Police struggling to trace gunman alleged to have shot dead five people
Law enforcement officers said on Sunday they have been unable to find a gunman who fled after killing five people in a rural Texas town, offering 80,000 US dollars (£63,000) in total reward money in hopes of motivating someone to come forward with information about the suspect’s whereabouts.
“We do not know where he is,” said James Smith, the FBI’s special agent in charge. Police were going door to door looking for the suspect.
The suspect, Francisco Oropesa, 38, was considered armed and dangerous after fleeing the area on Friday, likely on foot, San Jacinto County Sheriff Greg Capers said on Saturday.
He said authorities had widened the search to 20 miles from the scene of the shooting, which occurred after the suspect’s neighbours asked him to stop firing off rounds in his yard.
Investigators found clothes and a phone while combing a rural area that includes dense layers of forest, but tracking dogs lost the scent, Capers said.
Authorities were able to identify Oropesa by an identity card issued by Mexican authorities to citizens who reside outside the country, as well as doorbell camera footage. He said police have also interviewed the suspect’s wife.
Police recovered the AR-15-style rifle that Oropesa allegedly used in the shootings but authorities were not sure if he was carrying another weapon, the sheriff said. There were other weapons in the suspect’s home, he said.
“He could be anywhere now,” Capers said on Saturday.
The attack happened near the town of Cleveland, north of Houston, on a street where some residents say neighbours often unwind by firing off guns.
It was a much quieter scene on Sunday. Police crime scene tape had been removed from around the victims’ home. Some people stopped by to leave flowers.
An FBI agent, several Texas Department of Public Safety troopers and other officers could be seen walking around the neighbourhood, going door-to-door and trying to speak with neighbours. The agent and officers declined to comment about what they were doing.
The victims of Friday’s shooting were between the ages of eight and 31 years old and all were believed to be from Honduras, Capers said.
All were shot “from the neck up”, he said.
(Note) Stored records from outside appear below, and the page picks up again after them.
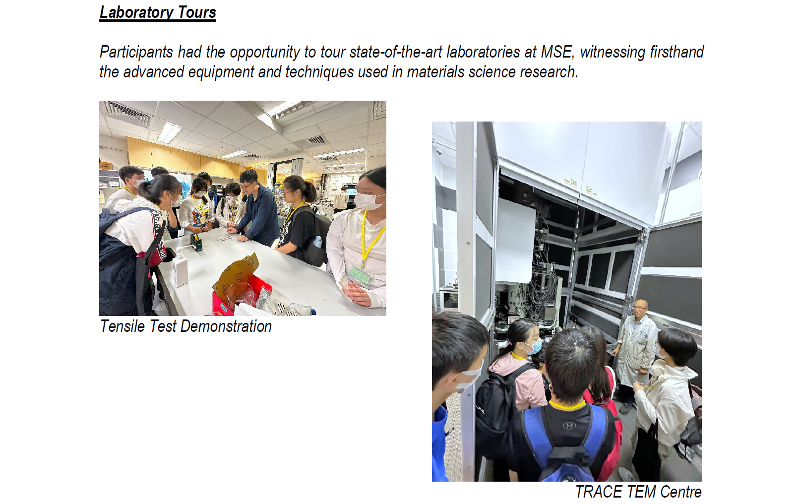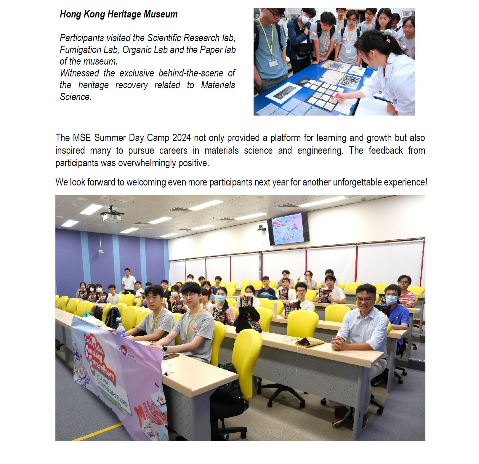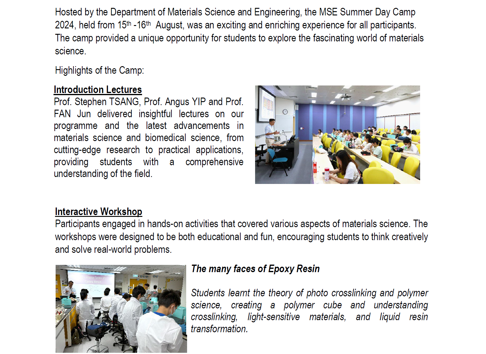 Home About us MSE Summer Day Camp 2024 Successfully Held Latest Events MSE-COSDAF Joint Distinguished Lecture – Prof. Pengfei WANG (28 April 2026) Gter (寄托天下) Live Information Session (20 April 2026) MSE Seminar – Dr. Wenbo XIE (16 April 2026) MSE Seminar – Prof. Shi-Zhang QIAO (30 March 2026) MSE Seminars (23 March 2026) MSE Summer Day Camp 2024 Successfully Held 15 Aug 2024 (Thu) - 16 Aug 2024 (Fri)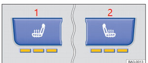 提示:座椅加热器应根据实际需要使用。不需要时,应关闭座椅加热器,以避免浪费燃油。如果在加热过程中出现异味,必须立即关闭座椅加热器,并且必须尽快在公司的授权经销商处修理可加热座椅。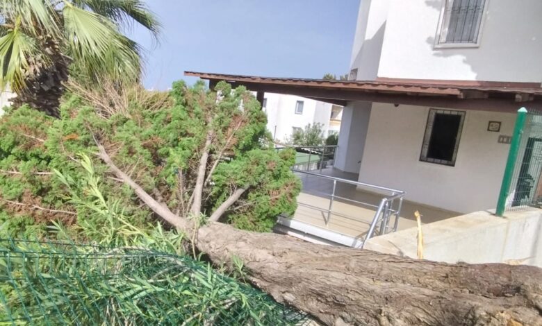 Bodrum genelinde etkili olan fırtına nedeniyle ağaçlar devdildi.

A GoFundMe page was set up to repatriate the bodies of two victims, a mother and son, to their native country.
Enrique Reina, Honduras’ secretary of foreign affairs and international cooperation, said on Twitter that the Honduran Consulate in Houston was contacting the families in connection with the repatriation of remains as well as US authorities to keep apprised of the investigation.
The suspect’s last name was originally given as Oropeza by authorities, but the FBI in Houston said in a Tweet on Sunday that it was now referring to him as Oropesa to “better reflect his identity in law enforcement systems.” The FBI said the case “remains a fluid investigation.”
The attack was the latest act of gun violence in what has been a record pace of mass shootings in the US so far this year, some of which have also involved semi-automatic rifles.